Bigger Games -the peculiarities of financial statistic

written by Sergey Tarassov


I'll try to answer here to typically asked questions like these:

  1. How many times some phenomenon should occur for taking it into account as the phenomenon that affects the stock market?  
  2. How many winning trades do we need to have to be sure that %X trading strategy is reliable?
  3. Why a trading system that worked good enough for several years in a row does not work anymore?
  4. Why the weather is so unpredictable last years?

All these questions have something in common. Mathematically speaking they are questions about the sample size, the amount of analyzed  phenomena. I can substitute all these questions to one: what is the sufficient value of the sample size?

First of all I will answer to this question as a recent University graduate would do. The answer would be:

We need to have a sample size 30 at least, this is the minimal number that allows to apply the standard statistics formulas. In other words we need to have the phenomena that take place 30 times at least, or 30 trades at least.

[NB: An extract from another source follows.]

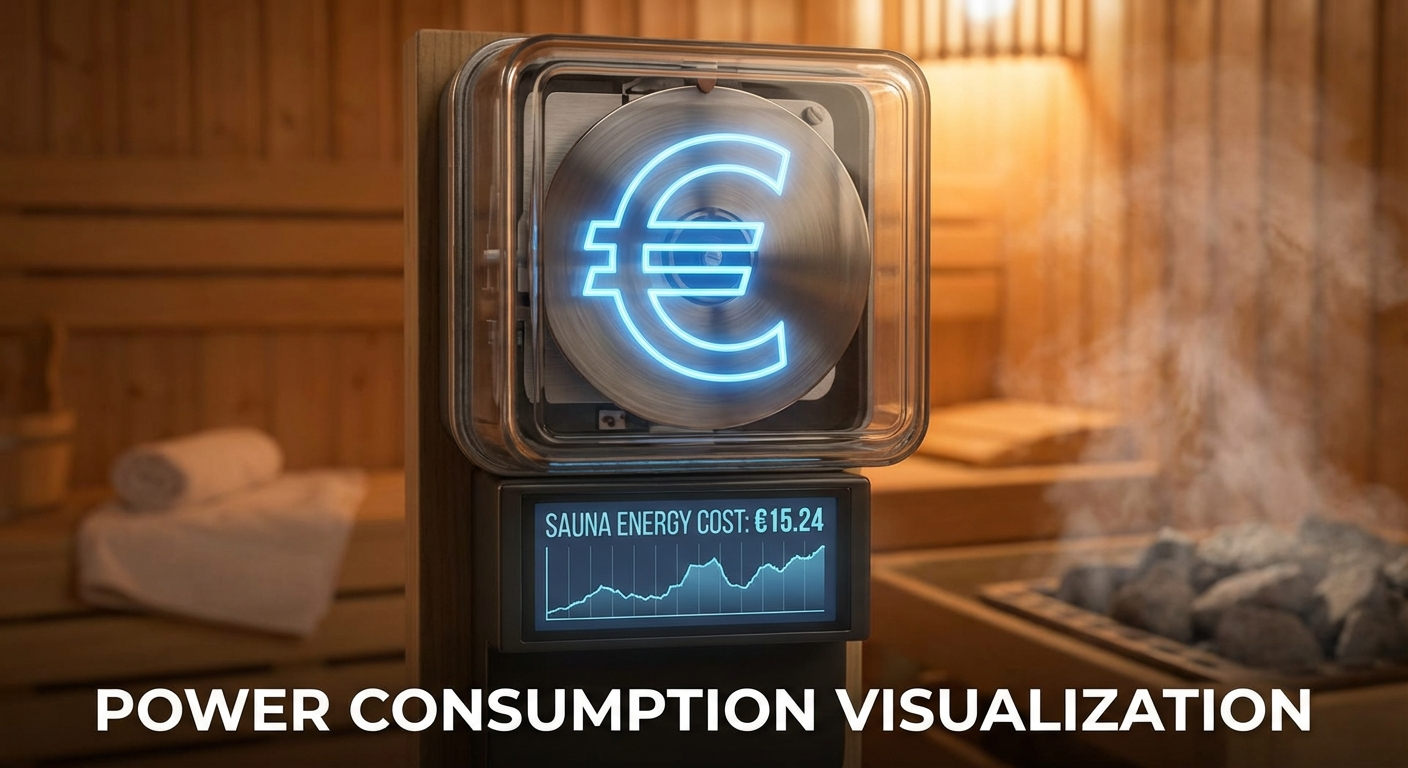 Der Ofen läuft auf Volllast, um die Sauna von Außentemperatur auf 80-100°C zu bringen. Das ist die stromintensivste Phase. Ein 6 kW Ofen zieht in dieser Zeit 3-6 kWh.

The guy who has spent many years dealing with financial markets data would give a different answer. Here it is:

 I am sorry, this is not a good news. Even if your trading system is confirmed by 100 trades (as an example) or even 500 trades - you cannot be sure that this trading system will work so good in the future. We have to accept the risk, we cannot avoid it just using classical statistics' formulas. This is a reality of financial statistics.

This statement needs some comment. The classical statistics was born from a game theory; in most cases this kind of statistics assumes the NORMAL distribution of the analyzed phenomena. More info about this issue you can find in this article:

When we deal with real phenomena, especially the phenomena that involve human activity, the classical normal distribution (in most cases) does not work anymore. While the classical statistics can be considered as a variation of dicing of the ideal coin, the real statistics that describes the events of human activity can be compared to a dicing of the coin, but this is not a random dicing. This dicing  uses some special rules that involve some other BIGGER game. Accordingly, this big game is a part of one more, even bigger, game. Dicing our coin this way, we can get some effects that cannot be explained by classical statistics' approach. For example, while dicing our coin, we can get 50  heads in a row, however this fact still can be not random, it might be caused by some other, bigger, game.

As an example, analyzing the Dow Jones Industrial index in 2009-2010, we can always find some aspect that coincided with Dow moving up. We can even provide the formal statistical analysis and get very good results, but - this aspect stopped working beyond the year 2010. Where is a mistake here? Why the aspect that worked well before does not work now? The answer is: we simply have considered this phenomenon as an event with one degree of freedom while in reality this phenomenon has more dimensions. To get the true answer, we have to consider the history of DJI in 2009-2010 as a part of a BIGGER GAME. Some hints to that BIGGER game can be found among fundamental factors. In 2009-2010, Dow is still affected by US stimulus plan, while this plan itself is a part of another BIG GAME - Great Financial Crisis of 2007-2009; in turn, the Great Financial Crisis refers us to another BIG GAME - the reform conducted by Ronald Reagan in the beginning of 1980s. So, when doing our research of financial markets, we always should remember the bigger picture.

BTW, the weather follows the same rules; it involves many big astronomical/geological/geophysical factors. The weather looks unpredictable simply because we are not able to see the whole picture now. We observe the symphony of many BIG GAMES and because very often we do not understand  most of these GAMES yet, they look unpredictable for us and even scare us.